▸ Required action
Could you retype the lines below, starting at the line holding "Этот букет из" and stopping at the line holding "По данным исследования", inclusive? Copy them exactly and drop the images.

*** Input ***

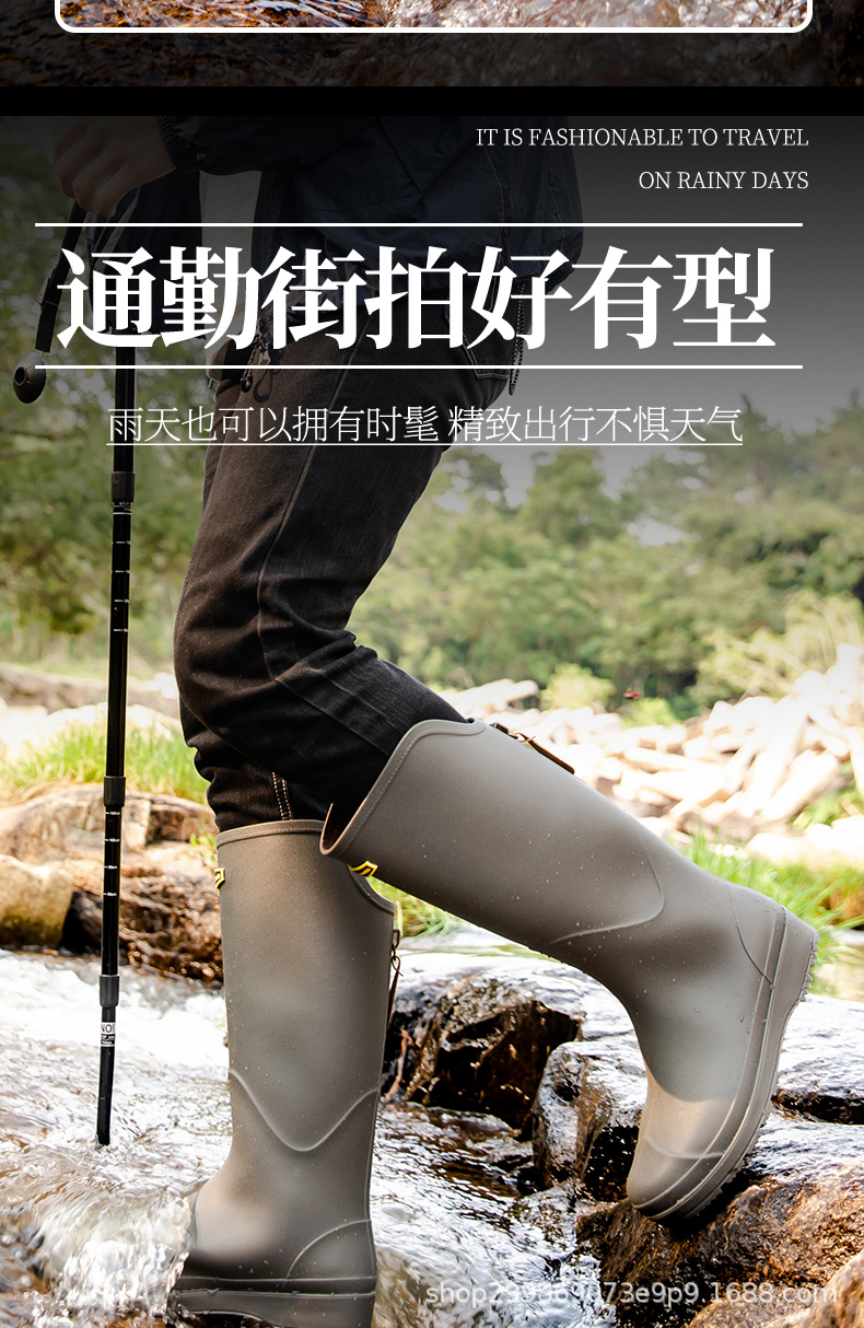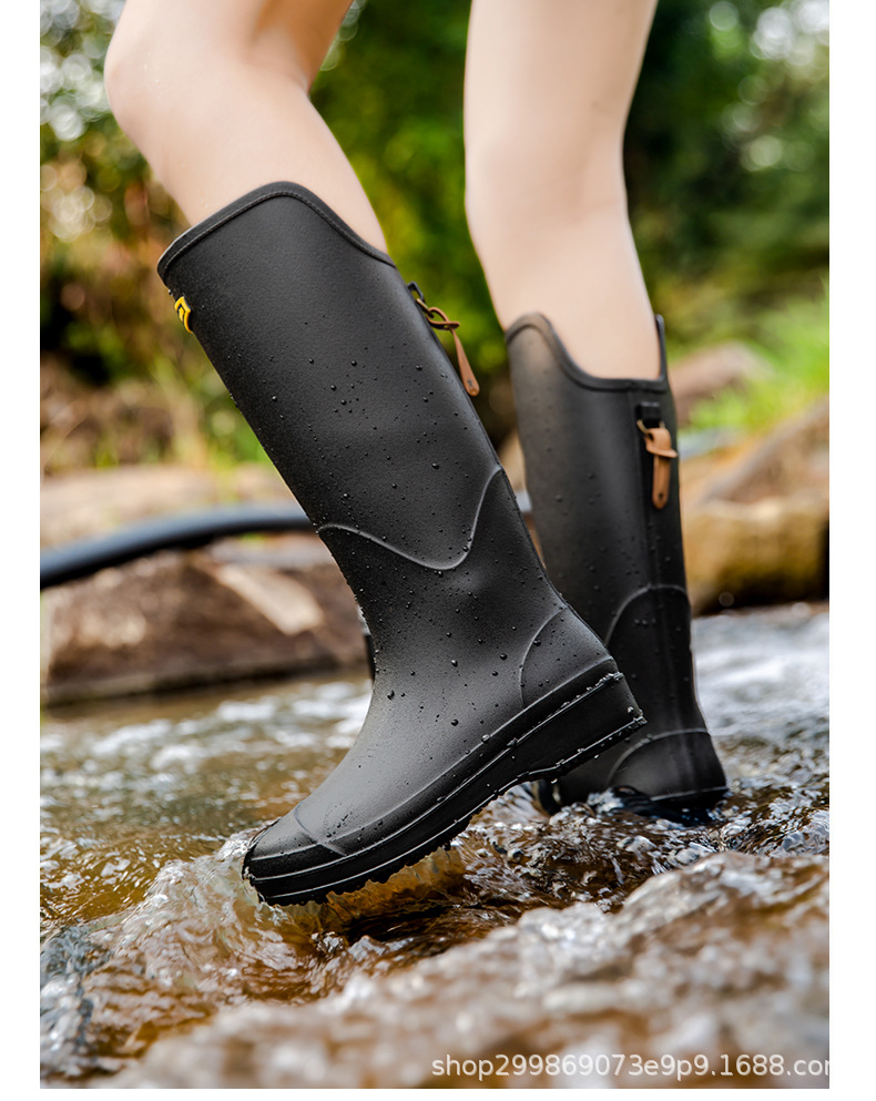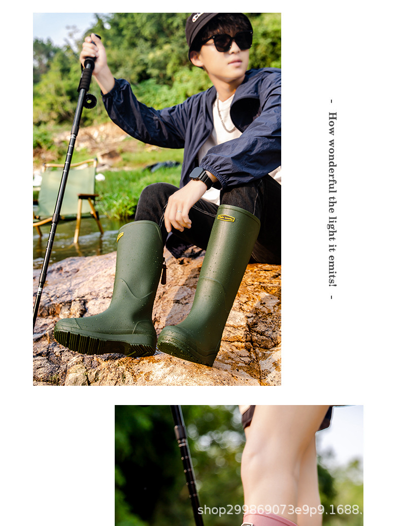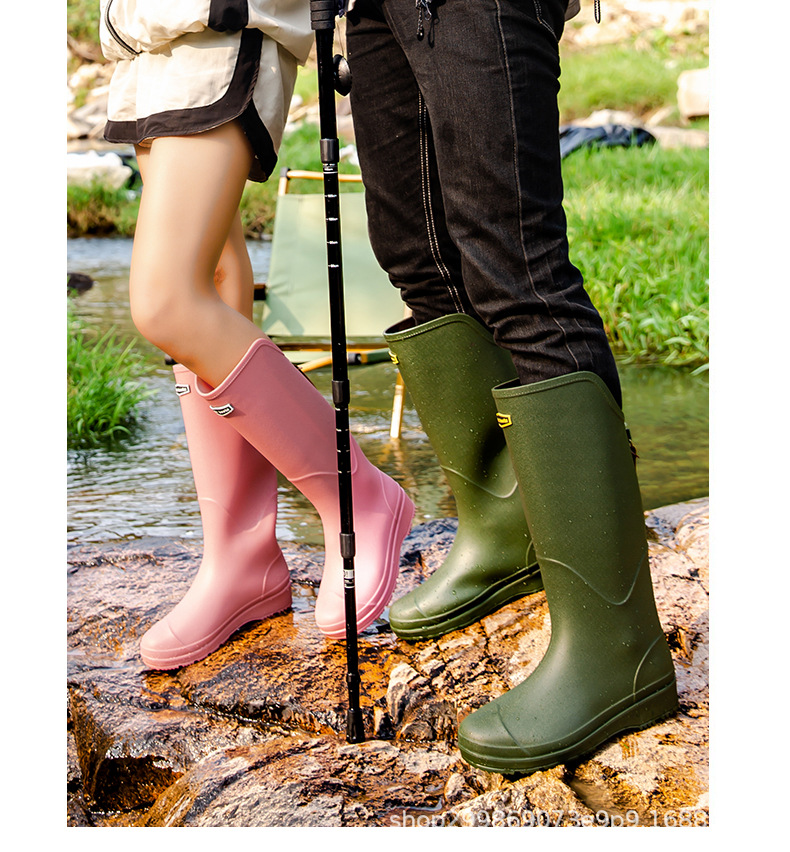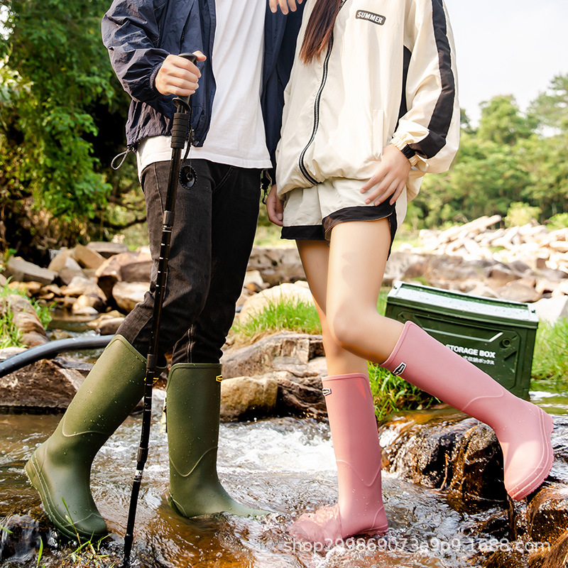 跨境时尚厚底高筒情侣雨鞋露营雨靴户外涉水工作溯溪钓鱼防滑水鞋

***
*** Input ***

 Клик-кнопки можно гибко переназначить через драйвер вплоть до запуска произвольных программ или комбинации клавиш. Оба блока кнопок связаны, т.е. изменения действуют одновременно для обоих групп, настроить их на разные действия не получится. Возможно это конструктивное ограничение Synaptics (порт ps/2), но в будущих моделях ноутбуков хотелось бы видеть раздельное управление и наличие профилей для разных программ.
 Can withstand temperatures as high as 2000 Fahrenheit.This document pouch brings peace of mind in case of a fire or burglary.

***
*** Input ***

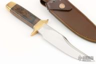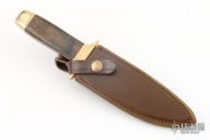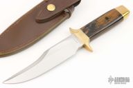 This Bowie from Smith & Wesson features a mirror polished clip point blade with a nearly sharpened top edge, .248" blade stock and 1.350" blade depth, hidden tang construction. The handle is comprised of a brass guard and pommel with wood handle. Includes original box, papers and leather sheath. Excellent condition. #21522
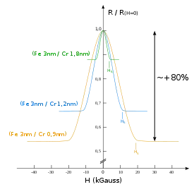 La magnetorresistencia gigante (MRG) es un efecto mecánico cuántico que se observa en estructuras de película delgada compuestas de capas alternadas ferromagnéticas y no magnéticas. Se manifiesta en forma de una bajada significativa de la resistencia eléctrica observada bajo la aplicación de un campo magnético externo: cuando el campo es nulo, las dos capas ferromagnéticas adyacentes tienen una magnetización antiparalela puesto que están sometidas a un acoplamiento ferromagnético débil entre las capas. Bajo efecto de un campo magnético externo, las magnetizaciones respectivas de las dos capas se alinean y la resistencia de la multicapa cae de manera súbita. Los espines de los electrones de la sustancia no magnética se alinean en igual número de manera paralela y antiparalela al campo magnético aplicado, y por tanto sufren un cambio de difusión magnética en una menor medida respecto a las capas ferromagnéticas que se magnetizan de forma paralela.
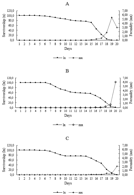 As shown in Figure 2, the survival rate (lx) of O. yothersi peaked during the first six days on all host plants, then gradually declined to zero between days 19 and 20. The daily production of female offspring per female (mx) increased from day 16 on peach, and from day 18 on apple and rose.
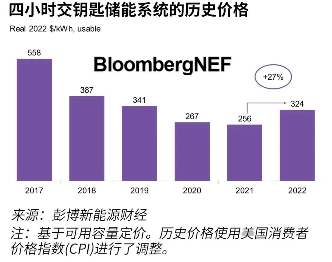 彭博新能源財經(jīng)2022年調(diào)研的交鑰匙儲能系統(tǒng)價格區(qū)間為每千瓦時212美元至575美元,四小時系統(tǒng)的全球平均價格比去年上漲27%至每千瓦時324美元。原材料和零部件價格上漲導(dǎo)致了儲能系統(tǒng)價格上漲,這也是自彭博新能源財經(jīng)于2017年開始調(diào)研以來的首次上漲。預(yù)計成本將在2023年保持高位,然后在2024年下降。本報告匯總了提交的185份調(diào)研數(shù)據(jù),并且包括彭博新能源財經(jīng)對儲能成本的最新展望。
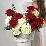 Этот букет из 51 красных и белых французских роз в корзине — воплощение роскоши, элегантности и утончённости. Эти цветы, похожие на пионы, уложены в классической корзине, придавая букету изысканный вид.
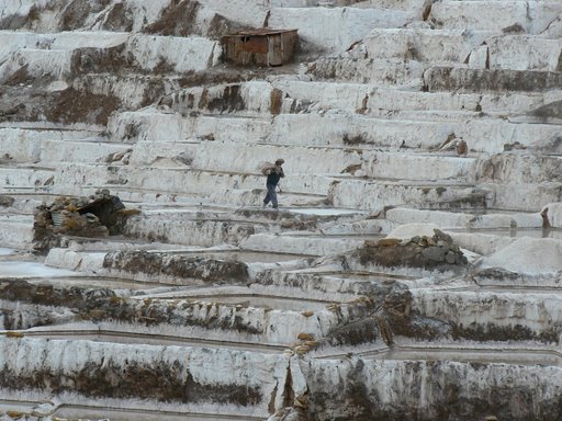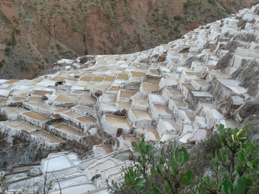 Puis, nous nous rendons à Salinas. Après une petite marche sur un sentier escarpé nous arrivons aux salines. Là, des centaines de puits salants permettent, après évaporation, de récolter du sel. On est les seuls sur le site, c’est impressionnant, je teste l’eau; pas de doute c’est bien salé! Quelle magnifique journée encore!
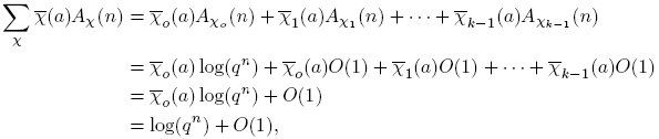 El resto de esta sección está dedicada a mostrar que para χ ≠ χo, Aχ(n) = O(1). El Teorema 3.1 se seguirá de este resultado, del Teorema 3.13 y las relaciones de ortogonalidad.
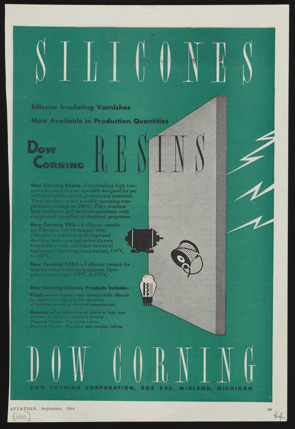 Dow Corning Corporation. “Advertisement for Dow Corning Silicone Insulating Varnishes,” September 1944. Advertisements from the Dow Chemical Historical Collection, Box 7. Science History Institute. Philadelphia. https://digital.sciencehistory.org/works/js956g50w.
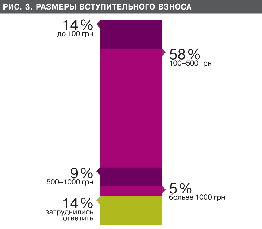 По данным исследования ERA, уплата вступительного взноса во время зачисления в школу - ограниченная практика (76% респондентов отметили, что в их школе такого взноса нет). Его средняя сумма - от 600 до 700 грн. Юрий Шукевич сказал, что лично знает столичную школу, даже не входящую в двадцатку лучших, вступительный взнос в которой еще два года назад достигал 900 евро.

***

▸ Answer
 Этот букет из 51 красных и белых французских роз в корзине — воплощение роскоши, элегантности и утончённости. Эти цветы, похожие на пионы, уложены в классической корзине, придавая букету изысканный вид.
 Puis, nous nous rendons à Salinas. Après une petite marche sur un sentier escarpé nous arrivons aux salines. Là, des centaines de puits salants permettent, après évaporation, de récolter du sel. On est les seuls sur le site, c’est impressionnant, je teste l’eau; pas de doute c’est bien salé! Quelle magnifique journée encore!
 El resto de esta sección está dedicada a mostrar que para χ ≠ χo, Aχ(n) = O(1). El Teorema 3.1 se seguirá de este resultado, del Teorema 3.13 y las relaciones de ortogonalidad.
 Dow Corning Corporation. “Advertisement for Dow Corning Silicone Insulating Varnishes,” September 1944. Advertisements from the Dow Chemical Historical Collection, Box 7. Science History Institute. Philadelphia. https://digital.sciencehistory.org/works/js956g50w.
 По данным исследования ERA, уплата вступительного взноса во время зачисления в школу - ограниченная практика (76% респондентов отметили, что в их школе такого взноса нет). Его средняя сумма - от 600 до 700 грн. Юрий Шукевич сказал, что лично знает столичную школу, даже не входящую в двадцатку лучших, вступительный взнос в которой еще два года назад достигал 900 евро.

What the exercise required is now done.